We started the session with a brief introduction to the philosophy of AI and then did an exercise called ‘sparkling moment’.  This involves asking people to pair up, and one asks the other for a recent ‘sparkling moment’ at work (or elsewhere if the person is not working).  The listener writes down key words or phrases that strike them, gently encouraging them by asking, ‘and what else?’ They do this for 3 minutes.  The roles are then reversed.  Then there is quiet time of one minute whilst both parties think of two qualities or strengths that they have picked up from their partner from listening to their ‘sparkling moment’.  At the end both partners share with each other the two strengths or qualities they saw from listening to the sparkling moment. For example a quality of caring, or wanting to see others happy were both picked up from their partner’s stories in this group.  This simple exercise puts people in touch with something positive (often important in stressful work situations), it enables them to be heard without interruption, and enables their partners to use their intuitions about their qualities which are fed back to the whole group, thus building group cohesion.

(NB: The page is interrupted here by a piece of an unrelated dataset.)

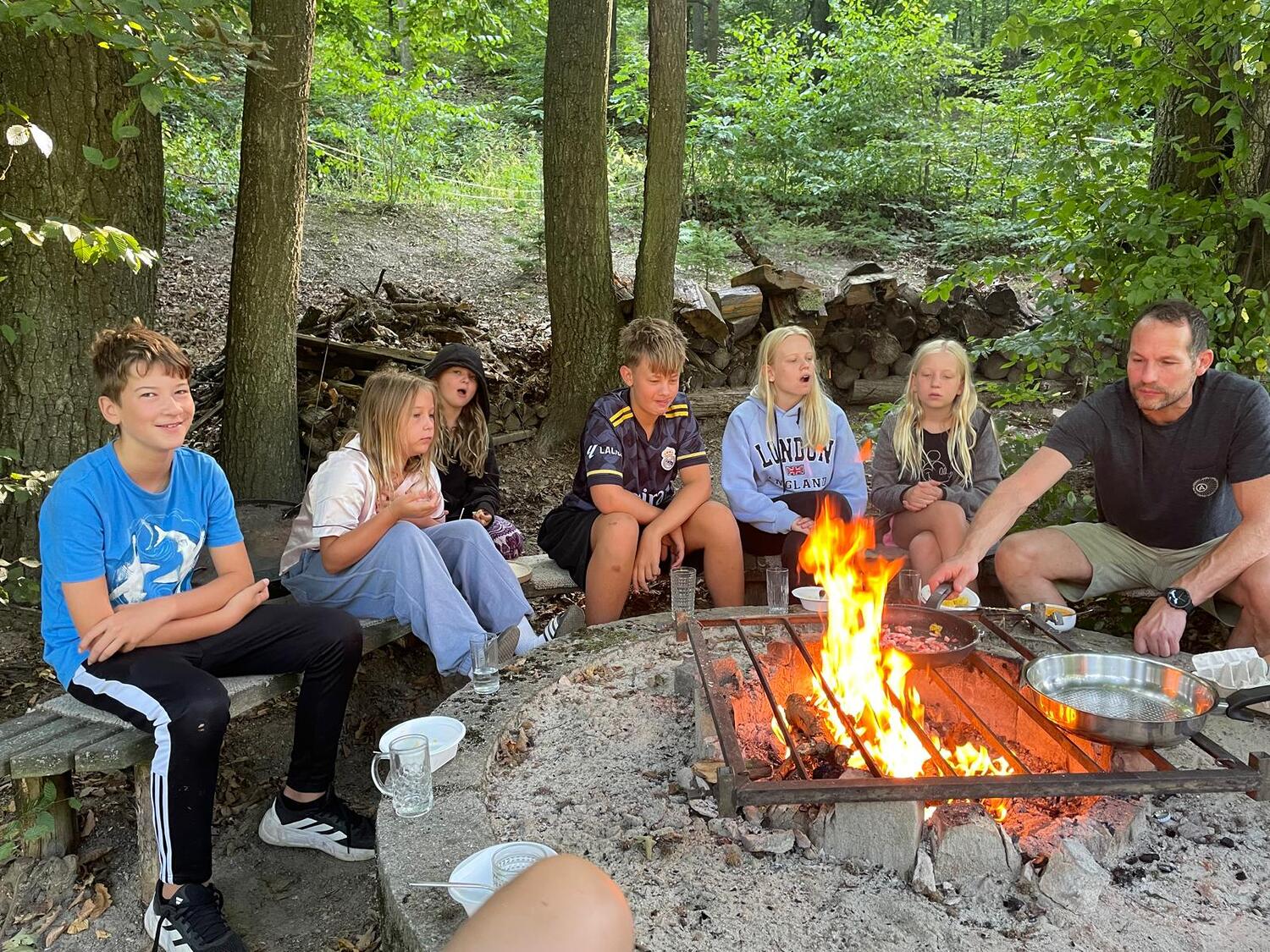 15 Ministranten und Ministrantinnen und einige Erwachsene verbrachten die Nacht im Zelt. Ein besonderes Erlebnis war es, die Würstel selbst über dem offenen Feuer zu grillen. Mit etwas Übung gelang auch das Stockbrot, das knusprig auf den Teller kam. Nach dieser Stärkung standen Spiel und Spaß auf dem Programm. Mit großer Freude suchte sich jeder einen Platz im Zelt oder – wer besonders abenteuerlustig war – unter dem Sternenhimmel. Schnell wurde ein gemütliches Lager eingerichtet. Am Lagerfeuer wurde noch bis spät in die Nacht geplaudert und gelacht.
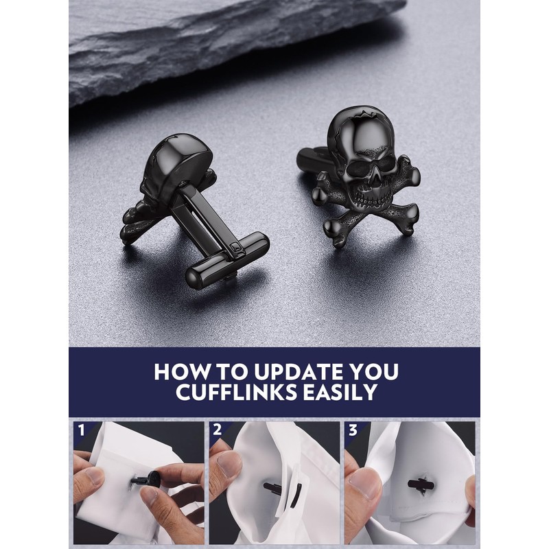 - Design - Skull cufflinks fit any formal or casual suit. Cufflink goes well with your shirts, tuxedos, suits, ties and vest combination and will never go out of style.

A very interesting thing happened at the beginning of this session.  Two young children who were being baby sat, came into the room where we were working.  I was on the point of being irritated, seeing this as an interruption, and then thought, “What if I see this situation appreciatively and just welcome them?”  My whole mental attitude changed. I relaxed and was able to include them, and I was able to model what I was teaching.  Once the children saw what the group and their mother was doing, they returned to the babysitter without any prompting.   In other words we got to the outcome I would have wanted but not in a conflictual way.

I cannot say what impact the session had, as the group was already had begin to build cohesion in the very short time we had been together.  But I do believe that people genuinely like appreciating and being appreciated if it is genuine and not a form of manipulation.  The exercise was obviously only a taster, and if you want to know more, just Google Appreciative Inquiry.  Thank you, Jock, for creating the space for Joan and I to introduce this topic.

Robin Shohet  (Findhorn, Scotland) June 2011.